Copying Website Contents, esp. Message Boards

  • Thread starter cmashieldscapting
  • Start date
C

cmashieldscapting

How would a Macintosh user best go about the following:

--Copying the entire contents of a message board composed of forums.
Each forum has threads that must be opened to see the messages, with
longer threads divided into pages.

--Copying messages from the Google version of Usenet, in which messages
are organized into threads, with the contents of a certain number of
messages visible per page.

--Copying messages from Yahoo! groups, which shows each individual
message in the order it came in. The messages appear on pages, and
each message has to be opened to be read.

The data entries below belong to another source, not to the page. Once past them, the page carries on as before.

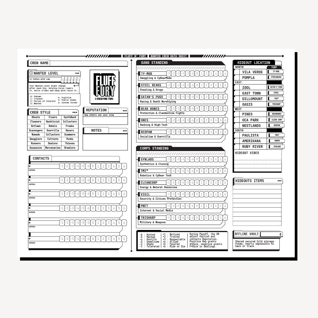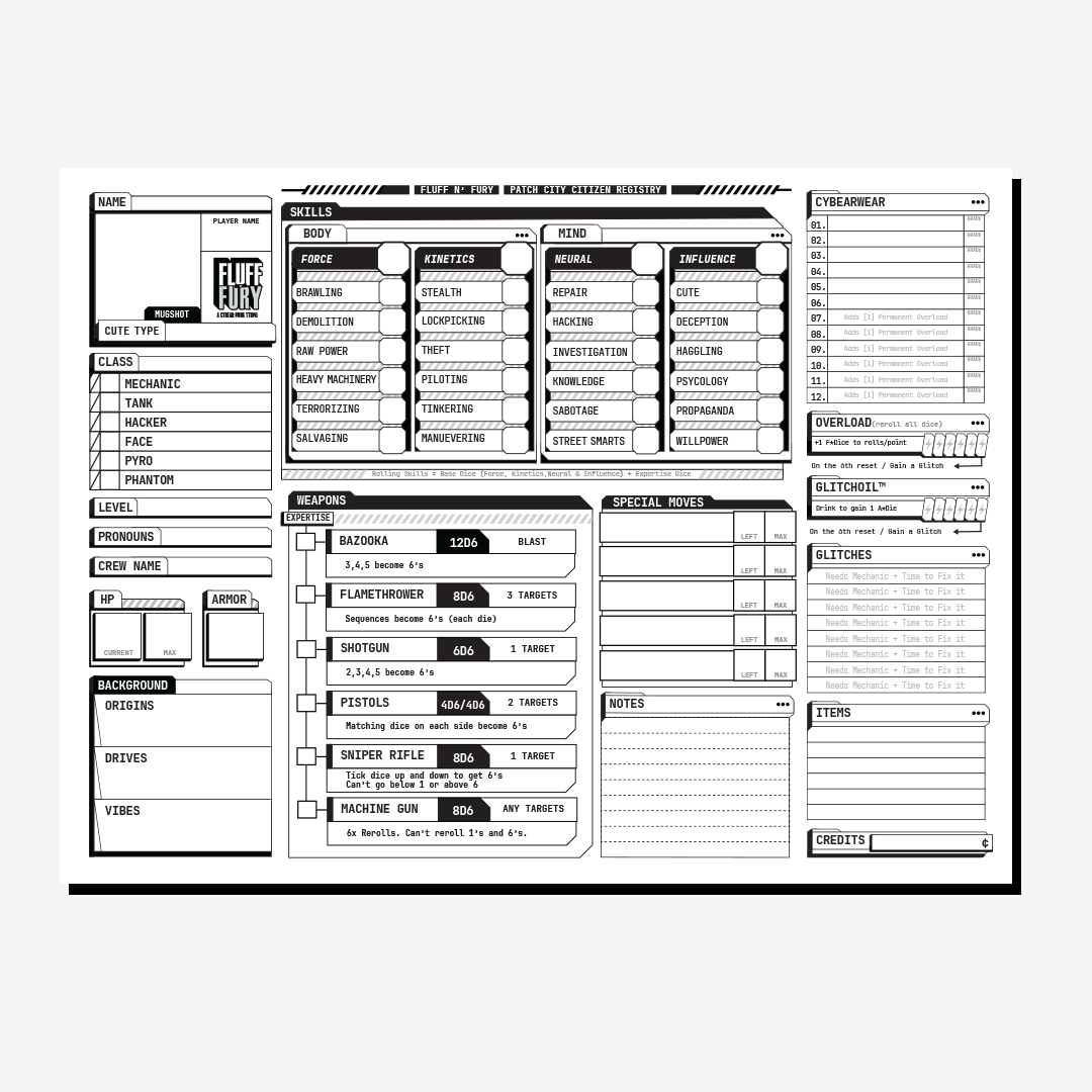 A black-and-white and totally free simplified version of all the core rules from the Official Edition. Perfect as a handout for players who don’t own the book or for anyone who wants to preview the game before diving in.
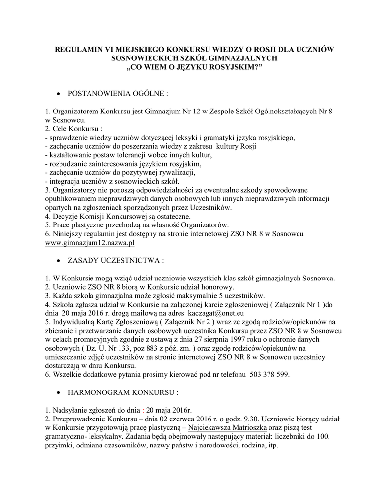 REGULAMIN VI MIEJSKIEGO KONKURSU WIEDZY O ROSJI DLA UCZNIÓW SOSNOWIECKICH SZKÓŁ GIMNAZJALNYCH „CO WIEM O JĘZYKU ROSYJSKIM?” POSTANOWIENIA OGÓLNE : 1. Organizatorem Konkursu jest Gimnazjum Nr 12 w Zespole Szkół Ogólnokształcących Nr 8 w Sosnowcu. 2. Cele Konkursu : - sprawdzenie wiedzy uczniów dotyczącej leksyki i gramatyki języka rosyjskiego, - zachęcanie uczniów do poszerzania wiedzy z zakresu kultury Rosji - kształtowanie postaw tolerancji wobec innych kultur, - rozbudzanie zainteresowania językiem rosyjskim, - zachęcanie uczniów do pozytywnej rywalizacji, - integracja uczniów z sosnowieckich szkół. 3. Organizatorzy nie ponoszą odpowiedzialności za ewentualne szkody spowodowane opublikowaniem nieprawdziwych danych osobowych lub innych nieprawdziwych informacji opartych na zgłoszeniach sporządzonych przez Uczestników. 4. Decyzje Komisji Konkursowej są ostateczne. 5. Prace plastyczne przechodzą na własność Organizatorów. 6. Niniejszy regulamin jest dostępny na stronie internetowej ZSO NR 8 w Sosnowcu www.gimnazjum12.nazwa.pl ZASADY UCZESTNICTWA : 1. W Konkursie mogą wziąć udział uczniowie wszystkich klas szkół gimnazjalnych Sosnowca. 2. Uczniowie ZSO NR 8 biorą w Konkursie udział honorowy. 3. Każda szkoła gimnazjalna może zgłosić maksymalnie 5 uczestników. 4. Szkoła zgłasza udział w Konkursie na załączonej karcie zgłoszeniowej ( Załącznik Nr 1 )do dnia 20 maja 2016 r. drogą mailową na adres [email protected] 5. Indywidualną Kartę Zgłoszeniową ( Załącznik Nr 2 ) wraz ze zgodą rodziców/opiekunów na zbieranie i przetwarzanie danych osobowych uczestnika Konkursu przez ZSO NR 8 w Sosnowcu w celach promocyjnych zgodnie z ustawą z dnia 27 sierpnia 1997 roku o ochronie danych osobowych ( Dz. U. Nr 133, poz 883 z póź. zm. ) oraz zgodę rodziców/opiekunów na umieszczanie zdjęć uczestników na stronie internetowej ZSO NR 8 w Sosnowcu uczestnicy dostarczają w dniu Konkursu. 6. Wszelkie dodatkowe pytania prosimy kierować pod nr telefonu 503 378 599. HARMONOGRAM KONKURSU : 1. Nadsyłanie zgłoszeń do dnia : 20 maja 2016r. 2. Przeprowadzenie Konkursu – dnia 02 czerwca 2016 r. o godz. 9.30. Uczniowie biorący udział w Konkursie przygotowują pracę plastyczną – Najciekawsza Matrioszka oraz piszą test gramatyczno- leksykalny. Zadania będą obejmowały następujący materiał: liczebniki do 100, przyimki, odmiana czasowników, nazwy państw i narodowości, rodzina, itp. Czas pracy ucznia z arkuszem będzie wynosił 60 minut. Kryteria oceny prac plastycznych to : wkład pracy, walory artystyczne, zgodność z tematyką konkursową. Technika dowolna. Prace plastyczne muszą być na odwrocie opisane – należy uwzględnić nazwisko i imię autora i opiekuna, nazwę i adres szkoły. Prace plastyczne uczniowie dostarczają w dniu Konkursu. KRYTERIA OCENY : 1.Prace konkursowe będą oceniane przez Komisję Konkursową w składzie : Barbara Bubik Cieślik, Agata Kaczyńska 2. Za pracę plastyczną można uzyskać 5 punktów. 3. Za test można uzyskać punktów 100. 4. Ostatecznym wynikiem ucznia będzie suma punktów przyznanych za pracę plastyczną i test. NAGRODY I WYRÓŻNIENIA : 1. Dla laureatów Konkursu ( I – III ) miejsce przewidziano nagrody i dyplomy. 2. Wszyscy uczestnicy otrzymają dyplomy uczestnictwa. 3. Wszyscy nauczyciele zostaną nagrodzeni Listami Gratulacyjnymi. 4. Nagrody i dyplomy zostaną dostarczone do szkół uczestników do dnia 13 czerwca 2016 r. 5. Wyniki Konkursu zostaną opublikowane na stronie internetowej ZSO NR 8 w Sosnowcu www.gimnazjum12.nazwa.pl Załącznik Nr 1 KARTA ZGŁOSZENIOWA VI MIEJSKIEGO KONKURSU O ROSJI DLA UCZNIÓW SOSNOWIECKICH SZKÓŁ GIMNAZJALNYCH „ CO WIEM O JĘZYKU ROSYJSKIM?” Imię i nazwisko ucznia, klasa : 1...................................................................................................................... 2...................................................................................................................... 3...................................................................................................................... 4...................................................................................................................... 5...................................................................................................................... Nazwa, adres i telefon szkoły : ….................................................................................................................... ….................................................................................................................... Imię i nazwisko nauczyciela : ….................................................................................................................... Załącznik Nr 2 …............................... …............ pieczątka szkoły KARTA ZGŁOSZENIOWA VI MIEJSKIEGO KONKURSU O ROSJI DLA UCZNIÓW SOSNOWIECKICH SZKÓŁ GIMNAZJALNYCH „ CO WIEM O JĘZYKU ROSYJSKIM? ” Imię i nazwisko ucznia, klasa : ........................................................................................................................ Nazwa, adres i telefon szkoły : ….................................................................................................................... ….................................................................................................................... Imię i nazwisko nauczyciela : ….................................................................................................................... …........................................................ ( pieczątka dyrektora szkoły ) …..................................................... ( podpis uczestnika Konkursu ) OŚWIADCZENIE RODZICA / OPIEKUNA Wyrażam zgodę na zbieranie i przetwarzanie danych osobowych mojego dziecka do celów związanych z jego udziałem w VI Miejskim Konkursie Wiedzy o Rosji organiz
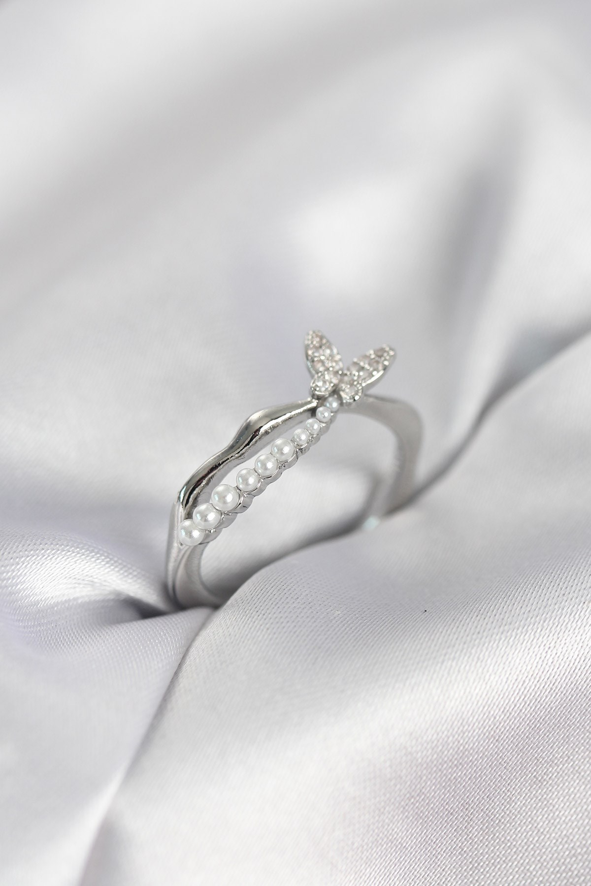 Gümüş Renk Kuyruklu Kelebek Model İncili Kadın Yüzük
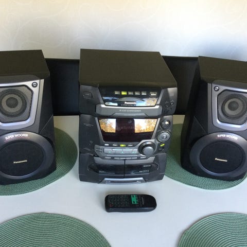 Panasonic stereosarja, joka sisältää keskusyksikön ja kaksi kaiutinta. Soveltuu äänen toistoon kotikäytössä.
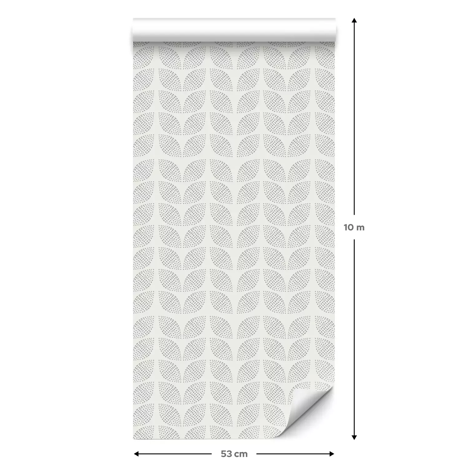 Een standaardrol behang heeft een afmeting van 0,53 m x 10 m, wat voldoende is om ongeveer 5 m² muur te bedekken.
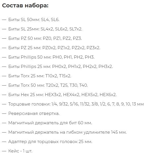 | В комплекте | набор бит HX (шестигранник); набор бит Ph (крест); набор бит Pz (крест); набор бит SL (шлиц); набор бит Torx; набор головок |
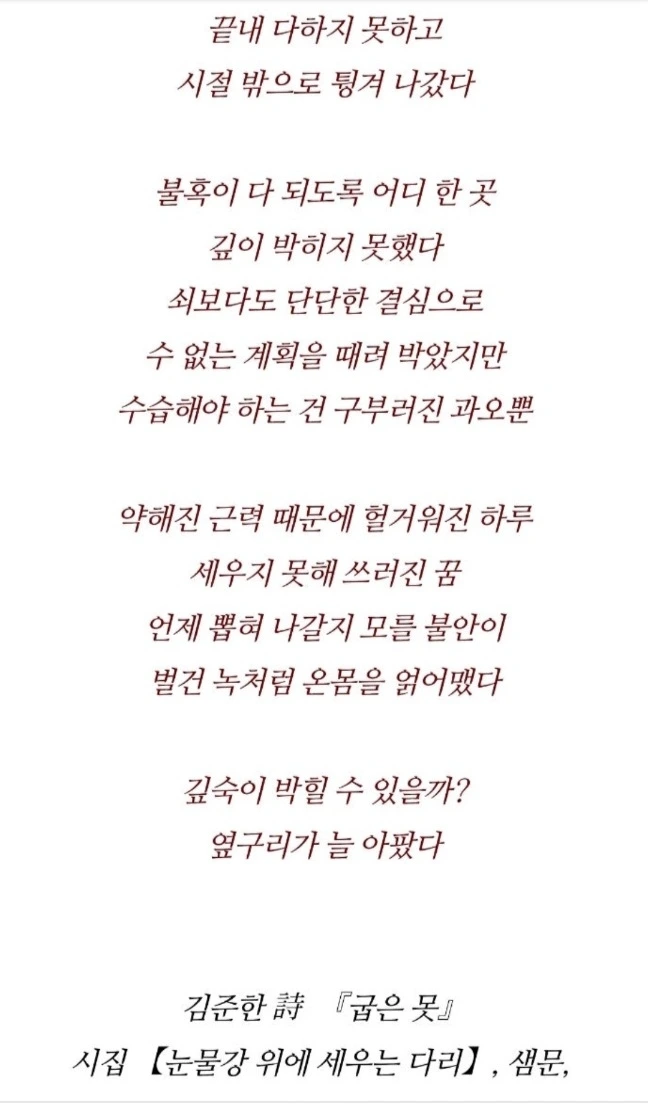 김준한은 "별을 가진 사람들은 중력에 수긍하며 산다/그래서 한 사람이 한 사람에 닿으려면/별과 별 사이에 드리운 허방을 건너야(우주를 건너는 일)" 하는 것을 아는 시적 내공이 만만치 않은 천상 시인이다. 하지만 오랫동안 나에게는 '종기' 같은 존재였다. 귀찮고 아프고 내 삶에서 제발 사라져주길 바랐던. 이 글을 읽으면 그는 섭섭해하기는커녕 씩 웃고 말 것이다. 그의 첫 시집에 실린 시다.
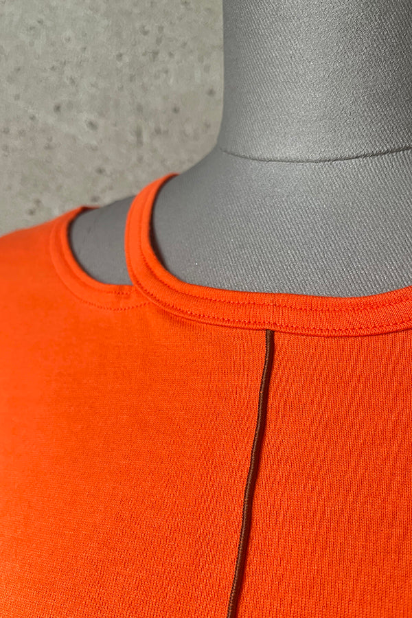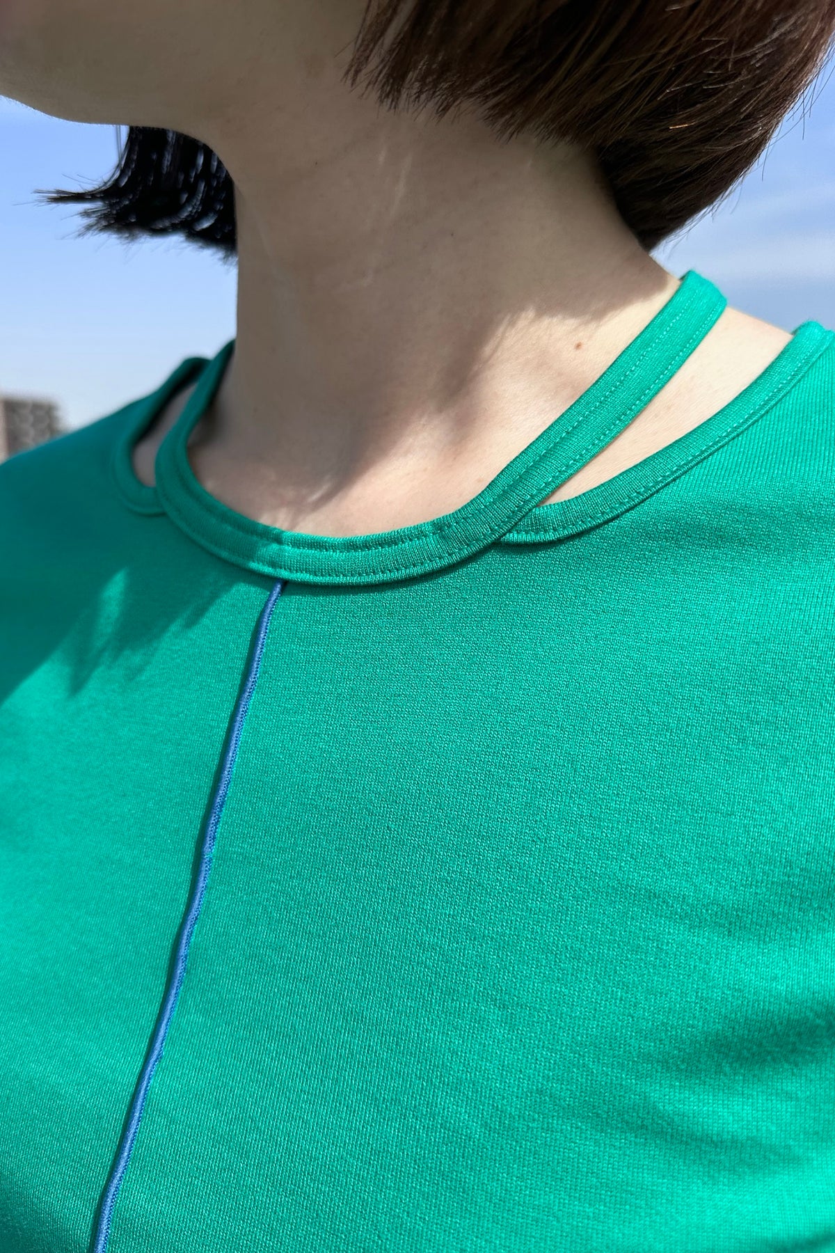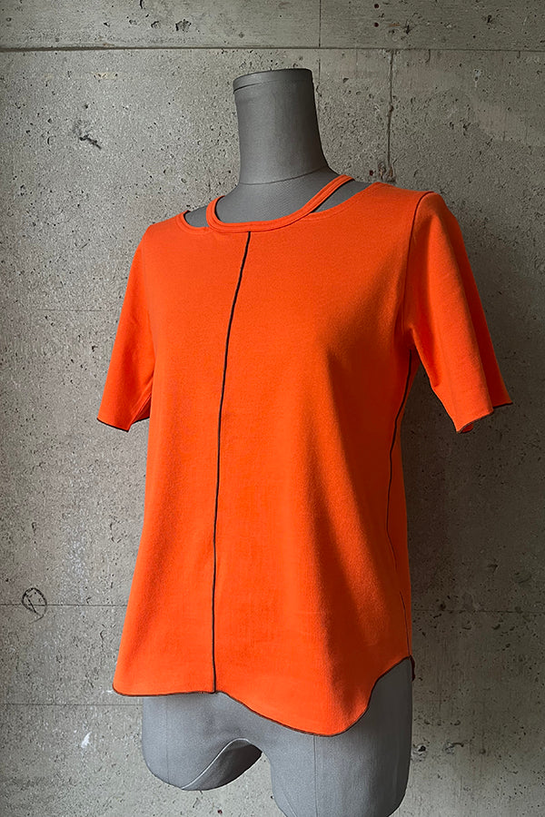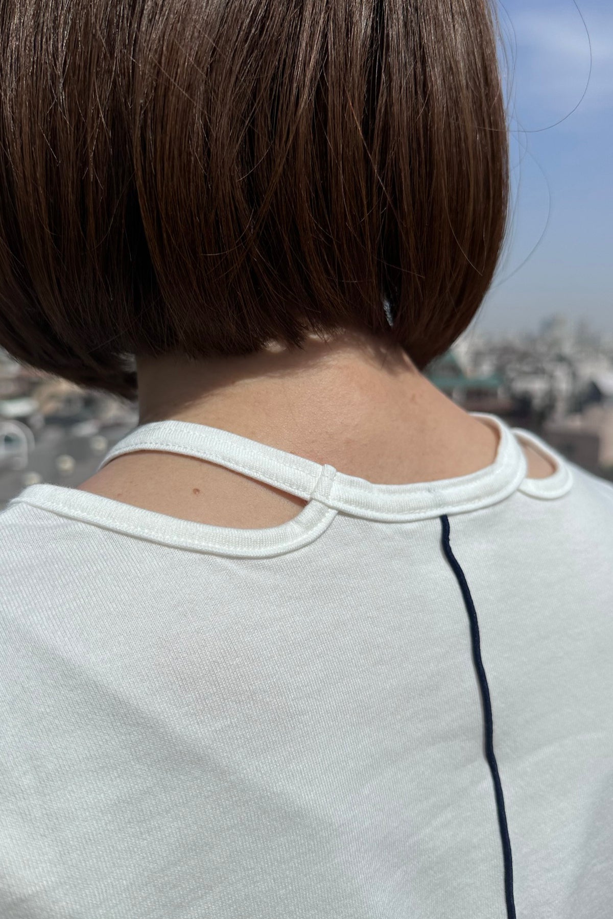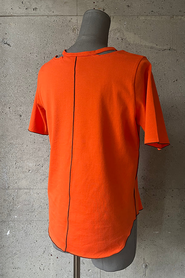 衿まわりにデザインがあるジャストサイズの半袖Tシャツです。
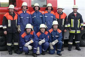 Unser Bild zeigt (v.l.n.r. stehend): 1. Kommandant Franz Mayer, Vitus Ostermair, Florian Mayer, Josef Pletzer, Jugendwart Josef Friedl, Prüfer Norbert Wehle von der FF Pfaffenhofen; knieend: Andreas Dengler, Bernhard Stolz, Hermann Körle jun.
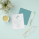 This budget coastal wedding invitation is a smaller size printed on cheaper paper, without an envelope. The simple minimal tropical beach wedding invitation features two palm trees at the top, with classic elegant text, in a white and sea glass blue color scheme, with coordinating sea glass blue on the back.
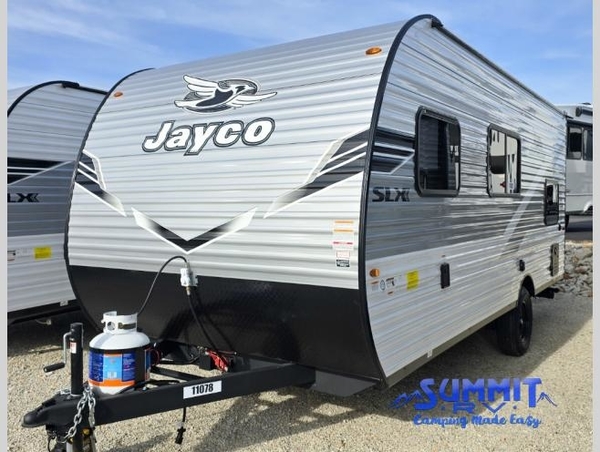 The Jayco Jay Flight SLX travel trailer is quite easy to own because it is lightweight for an easier towing experience. Built on a fully integrated A-frame with galvanized-steel, impact-resistant wheel wells, the Jay Flight SLX has quality at its very foundation. That quality continues on to the electric self-adjusting brakes, easy-lube hubs, Magnum Truss roof system, and LP quick connect. Some of what the mandatory Customer Value Package includes is backup camera prep, Keyed-Alike entry and baggage doors, and an on-demand tankless water heater.
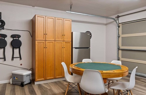 -Heated Game room with air hockey, poker table, poker chips, bumper pool, and a dart board
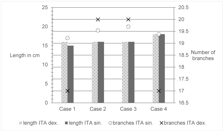 The aim of the macroscopic preparation was to obtain accurate information about the length, number, and region of the outgoing perforators. The test was carried out on two alcohol-fixed preparations and two preparations fixed using the Thiel method. There were no significant differences between the specimens. The length of the ITA, measured from the beginning of the first rib to the division into the superior epigastric artery and musculophrenic artery, was an average of 16.3 cm. On average, 18.5 branches were delivered from each artery, 10 medially to the sternum supply, and 8 to the intercostal muscle (Table 1 [Tab. 1] and Figure 4 [Fig. 4]).
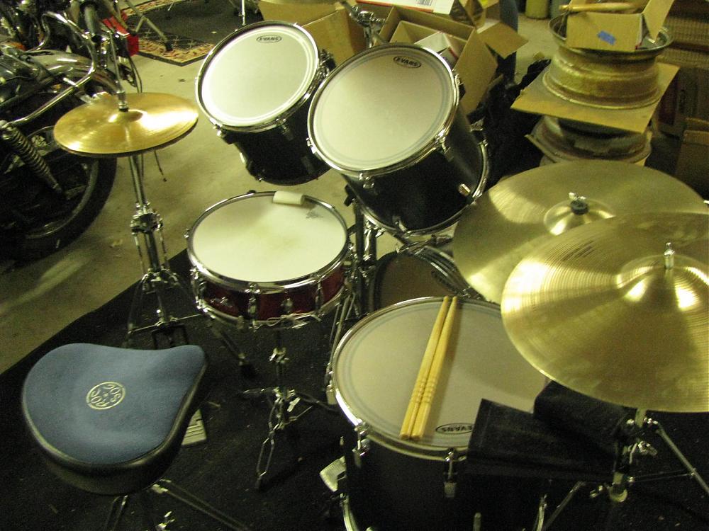 How do you keep yourself occupied during the cold winter months?Here are the results of my $75 purchase before Thanksgiving.It is an early Tama Rockstar(seperate lugs)refinished in a pseudo black panther color scheme-the original finish was gouged beyond refinishing.Included in the photos is the final piece of the set,finished last Friday,and the reason for the purchase of the whole set.An Oaklawn 5x14 Camco snare.Very different sound from snares I own now,can really be described as 60's sounding.
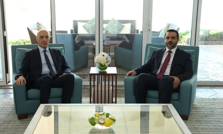 التقى وزير الداخلية والبلديات أحمد الحجار، وزير الخارجية السورية أسعد حسن الشيباني، في البحرين، في حضور سفير لبنان لدى البحرين هادي هاشم.
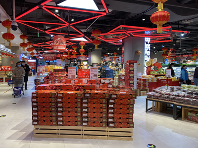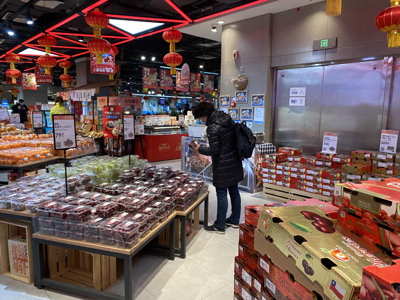 北京一家商超內,來自智利的車厘子被擺放在最顯眼的位置。
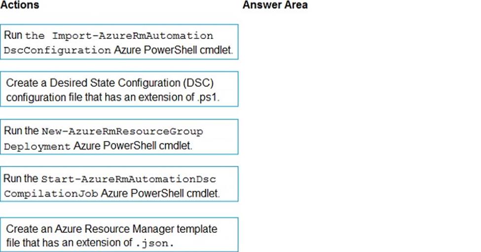 Which three actions should you perform in sequence? To answer, move the appropriate actions from the list of actions to the answer area and arrange them in the correct order.

What I especially need is a way to copy the entire contents of messages
in large amounts without having to open each message--can one or more
pages be copied at a time in certain formats?--and to save them by
backing them up on CD, hopefully in as near as possible the form in
which they appear in their natural habitat. Of course I'd have to have
a good idea of what will fit on a CD, so a very large forum may need to
be divided between several CDs.

I am also interested in copying other website content, such as text,
pictures, sound, and moving images. Thanks for any help and advice.

Cori
 
R

ray

How would a Macintosh user best go about the following:

--Copying the entire contents of a message board composed of forums.
Each forum has threads that must be opened to see the messages, with
longer threads divided into pages.

As the pages you describe are generated as a result of queries to a
database, I'd say you can't. Without the query the page doesn't exist.
I am also interested in copying other website content, such as text,
pictures, sound, and moving images.

The contents of a web page are stored in the browser cache on your
computer, that's how you get to see it.
There are applications that enable you to download entire static
websites without actually visiting them. WebGrabber and SiteSucker come
to mind.
 
B

Barbara de Zoete

There are applications that enable you to download entire static
websites without actually visiting them. WebGrabber and SiteSucker come
to mind.

I very much dislike to see someone using those applications on my site.
Downloading over a hundred pages and all that comes with them in a short
time, for what? I'm sure the one who does that is not going to read all
the stuff that just got downloaded, which means it is just a waste of
bandwidth.
If I spot the same IP doing that more than once (yup, there are those
people) or if I notice that it is a commercial enterprise that does that,
the IP gets banned. I wish there was a way to block these grabbers
altogether.
 
P

Phil Earnhardt

As the pages you describe are generated as a result of queries to a
database, I'd say you can't. Without the query the page doesn't exist.

If the queries are wired into the HTML links of the pages you wish to
grab, the automated tools to recursively capture an entire website may
be able to pull them down.

Even if you could do that, I'm not sure what you would do once you got
them.
The contents of a web page are stored in the browser cache on your
computer, that's how you get to see it.
There are applications that enable you to download entire static
websites without actually visiting them. WebGrabber and SiteSucker come
to mind.

curl ships with OS X. Bring up a terminal window and do

man curl

to see what's available.

--phil
 
P

Phil Earnhardt

I very much dislike to see someone using those applications on my site.
Downloading over a hundred pages and all that comes with them in a short
time, for what? I'm sure the one who does that is not going to read all
the stuff that just got downloaded, which means it is just a waste of
bandwidth.
If I spot the same IP doing that more than once (yup, there are those
people) or if I notice that it is a commercial enterprise that does that,
the IP gets banned. I wish there was a way to block these grabbers
altogether.

I can't imagine how you would categorically block them. OTOH, the
Robots Exclusion Protocol can be used to tell anyone who honors such
things that you don't want your website copied.

--phil
 
C

cmashieldscapting

Phil said:
curl ships with OS X. Bring up a terminal window and do

man curl

to see what's available.

--phil

Thanks, Phil, that's the sort of answer I was looking for. Already a
couple of times when I was trying to do things, I found I had things I
didn't know I had, or things I did know I had did things I didn't know
they did.

Cori
 
C

cmashieldscapting

Phil said:
I can't imagine how you would categorically block them. OTOH, the
Robots Exclusion Protocol can be used to tell anyone who honors such
things that you don't want your website copied.

--phil

Try doing a search using key topic words on Usenet, or at least Google
Groups, the Google version of Usenet. I'm pretty sure I saw a couple
of discussions regarding this.

Cori
 
B

Barbara de Zoete

[ like to block grabbers/downloaders and the like ]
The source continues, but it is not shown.